C57BL/6J-Ins2Akita mice

This strain of mice (Jackson Laboratories) was used for the studies of myogenic potential in the same assays as the wild type young mice. Blood glucose levels were measured using OneTouch UltraMini (LifeScan, CA, USA). These animals showed high blood glucose levels (520–583 mg/dL), indicating they were hyperglycemic. Some of these animals received intraperitoneal injections of insulin (0.75 U/kg, Sigma-Aldrich, MO, USA), resulting in normal blood glucose levels (184–193 mg/dL) by 1-h post injection.

Muscle injury

Isoflurane was used to anesthetize the animals during the muscle injury procedure. For bulk myofiber and satellite cell activation, tibialis anterior and gastrocnemius muscles were injected with cardiotoxin I (CTX, Sigma-Aldrich, MO, USA) dissolved at 100 μg/mL in PBS, at 2-5 sites of 10 μL for each muscle. Muscles were then harvested 3 d later. For focal injury, to assay regeneration in vivo, 2–3 μL of 1 μg/mL CTX was injected at one site to the middle of the tibialis anterior or two sites to the gastrocnemius, and muscle harvested 5 days post injury (DPI).

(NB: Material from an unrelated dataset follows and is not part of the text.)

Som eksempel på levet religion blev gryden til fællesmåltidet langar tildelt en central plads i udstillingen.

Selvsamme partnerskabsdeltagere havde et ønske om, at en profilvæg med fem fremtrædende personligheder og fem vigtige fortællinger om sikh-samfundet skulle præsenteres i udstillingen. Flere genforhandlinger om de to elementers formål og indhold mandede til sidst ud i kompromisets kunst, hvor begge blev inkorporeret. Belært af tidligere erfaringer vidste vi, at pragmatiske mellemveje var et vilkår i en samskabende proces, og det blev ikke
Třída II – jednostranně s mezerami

Isolation of myofibers and satellite cells

Myofibers and satellite cells were purified as described13. Briefly, dissected muscle was digested for 1 h and 30 min at 37 °C in DMEM with 1% penicillin-streptomycin, 250 units/mL Collagenase Type IIA (Sigma-Aldrich, MO, USA) and dissociated into myofibers with attached satellite cells by trituration, sedimentation and washing. Satellite cells were liberated from the fibers by digestion for 1 h in DMEM with 40 U/mL Collagenase type II and 2 U/mL Dispase, followed by sedimentation, filtration and washing. Leukocytes were depleted using anti-CD45-coated magnetic beads (Miltenyi Biotech). This procedure yields 95% pure satellite cells, based on their functional activity13,14.

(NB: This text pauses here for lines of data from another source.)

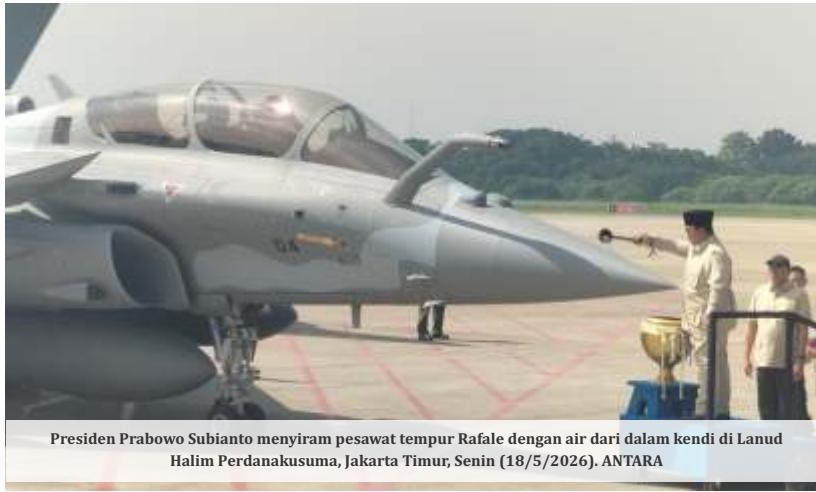
Presiden Prabowo Subianto menyiram pesawat tempur Rafale dengan air dari dalam kendi di Lanud Halim Perdanakusuma, Jakarta Timur, Senin (18/5/2026).

D alam acara tersebut, Indonesia resmi menerima enam unit jet tempur multirole Rafale produksi Dassault Aviation, empat pesawat Falcon 8X, satu pesawat Airbus A400M Atlas Multi Role Tanker Transport (MRTT), radar Ground Control Intervention (GCI) GM403, sistem persenjataan Smart Weapon Hammer, serta rudal udara-ke-udara Meteor. Penyerahan ini disebut pemerintah sebagai salah satu tonggak penting penguatan postur pertahanan Indonesia.
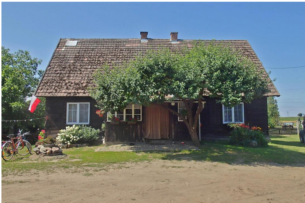
Fot. 21. Kinice, ul. Leśna 8. Drewniana chata z ok. 1880 r.
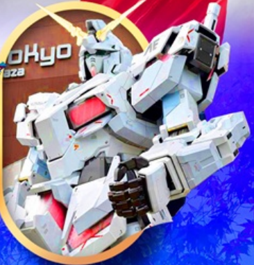
ห้างไอโดะบะกันดั้ม
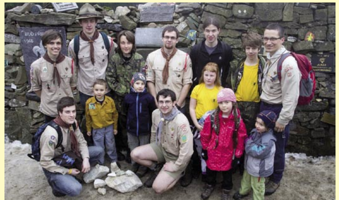
Skautky a skauti z Bludova u mohyly na Ivančenu

Satellite cell myogenic potential

Assays of myogenic potential were performed, as previously described13. Briefly, activated in vivo myofiber-associated satellite cells were cultured in growth medium on ECM:DMEM-coated plates (1:500; BD Biosciences, CA, USA) for 48 h. Growth medium (GM) was composed of Ham's F10 (Mediatech, VA, USA), 20% bovine growth serum (HyClone, IL, USA), 5 ng/mL bFGF (Invitrogen, CA, USA), and 1% penicillin/streptomycin (Invitrogen, CA, USA). GM was replaced daily. After addition of BrdU (10 μmol/L, Sigma-Aldrich, MO, USA) to the GM for 2 h to label proliferating cells, the cultures were switched into differentiation medium (DM, DMEM with 2% horse serum) for 48 h, in order to assay generation of de-novo myotubes, which are typically produced by fusion-competent myoblasts in DM.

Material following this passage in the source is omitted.